Answer:
P(W∩M)= 20/39= 0.51
Explanation:
Hello!
You have a total of 13 employees in the office, 5 are men and 8 are women.
Be the events:
M: The employee is a male
W: the employee is female
If you were to choose only one employee, the probability of the employee being a man will be P(M)= 5/13 and the probability of the employee being a woman will be P(W)= 8/13.
Now you are in a situation where you have to choose two employees at random, without replacement, and need to calculate the probability of choosing one woman and one man. There is no order specified in the question so when choosing the two employees there are two possible scenarios:
"The first employee is a woman and the second employee is a man"
or
"A first employee is a man and the second employee is a woman"
Symbolically:
P(W∩M)= P((W₁∩M₂)∪(M₁∩W₂))= (P(W₁∩M₂))+P(P(M₁∩W₂))

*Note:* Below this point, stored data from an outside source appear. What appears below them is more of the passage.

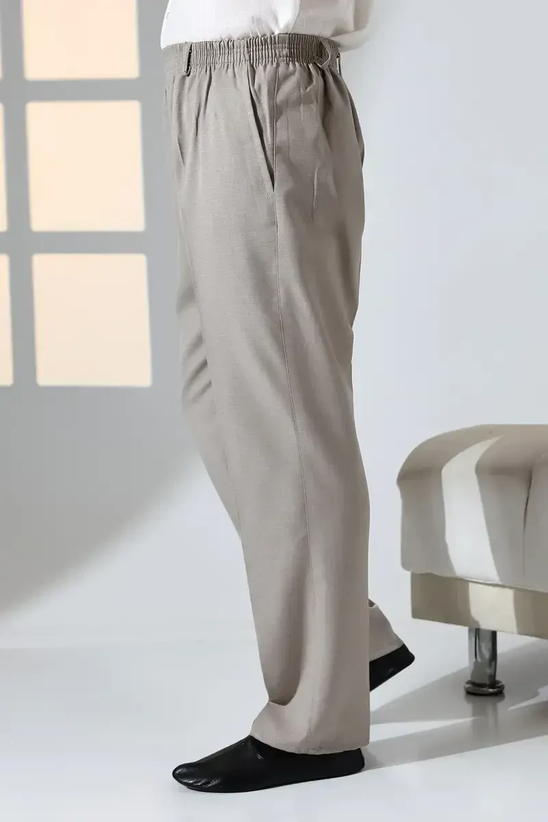 Erkek Rahat Kesim Beli Lastikli Cepli Hac ve Umre Kumaş Şalvar Pantolon, günlük giyiminiz için özel olarak tasarlandı. Toprak rengi ile her kombine uyum sağlayan bu şalvar pantolon, rahat kesimi ile hareket özgürlüğü sunar. Beli lastikli yapısı sayesinde kolayca giyilip çıkarılabilir ve gün boyu konforlu bir kullanım sağlar. Geniş cepleri ile eşyalarınızı güvenle saklayabilirsiniz. Hac ve umre gibi dini ziyaretlerinizde rahatlıkla tercih edebileceğiniz bu şalvar pantolon, şıklığınızı tamamlayacak. Kaliteli kumaştan üretilen bu şalvar pantolon, uzun yıllar boyunca dayanıklı bir kullanım sunar. Bakımı kolaydır ve ütü gerektirmez. Her mevsim rahatlıkla kullanabileceğiniz bu çok yönlü parça, gardırobunuzun vazgeçilmezlerinden biri olacak.
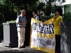 泰国领馆位于繁忙的St. Kilda路上,过往的行人和车辆很多,路过的行人纷纷停下脚步询问事情的原委,并接过学员发放的资料仔细阅读。一位女士了解了真相后表示,作为一个主权国家,在道义和经济利益的选择上表现得如此软弱是一件很悲哀的事。一个民主国家应该坚持自己尊重人权和信仰自由的理念,不应向邪恶势力低头,更不应助纣为虐。
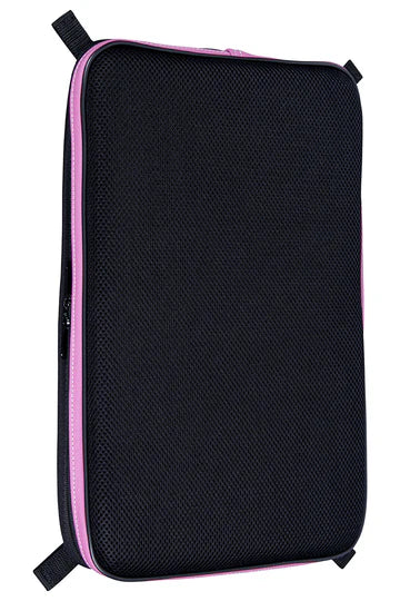 Back cushion with integrated music pouch lined with L'Etoile color for contoured violin and viola case. This product attaches to the case using Velcro fasteners to the D-rings.
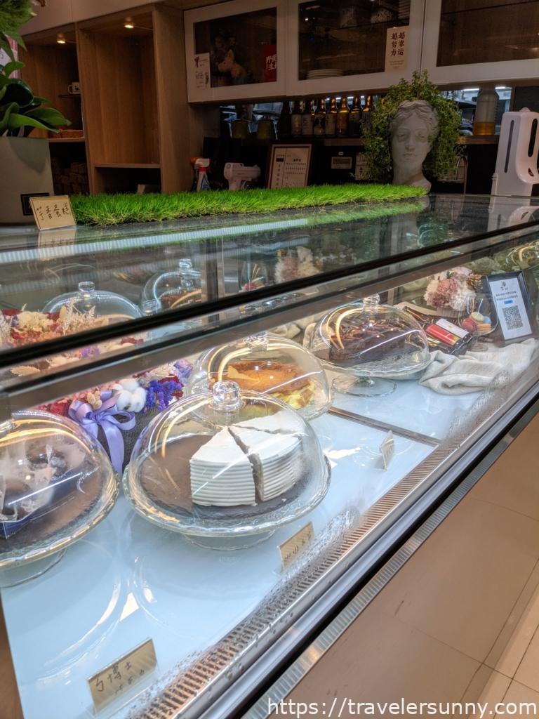 走進店內就可看到一大大的蛋糕櫃,當天擺了四種口味,每種都看起來可口誘人,根據當天老闆娘介紹,蛋糕品項每天都不太相同,大部分都會是自家做的,比較能控制使用的原料成分,讓客人吃得安心。

The subindex marks the order the events appeared.
Remember "and" in the sentence marks the intersection between two events "∩" and "or" mark the union between two events "∪"
First I'll solve both intersections:
P(W₁∩M₂)= P(W₁) * P(M₂)= (8/13) * (5/12)= 10/39
As I said before, this exercise is without replacement, so the first person chosen will be out of the 13 employees of the office, but when choosing the second one the total number of employees will be reduced by one (you count out the already chosen employee)
P(M₁∩W₂)= P(M₁) * P(W₂)= (5/13)*(8/12)= 10/39
In this item is the same, for the second draft, the total of employees is reduced by one since one male has already been chosen.
⇒ Mathematically both intersections are the same so you can express their union as:
(P(W₁∩M₂))+P(P(M₁∩W₂))= 2* (P(W₁∩M₂))= 2*10/39= 20/39= 0.51
I hope you have a SUPER day!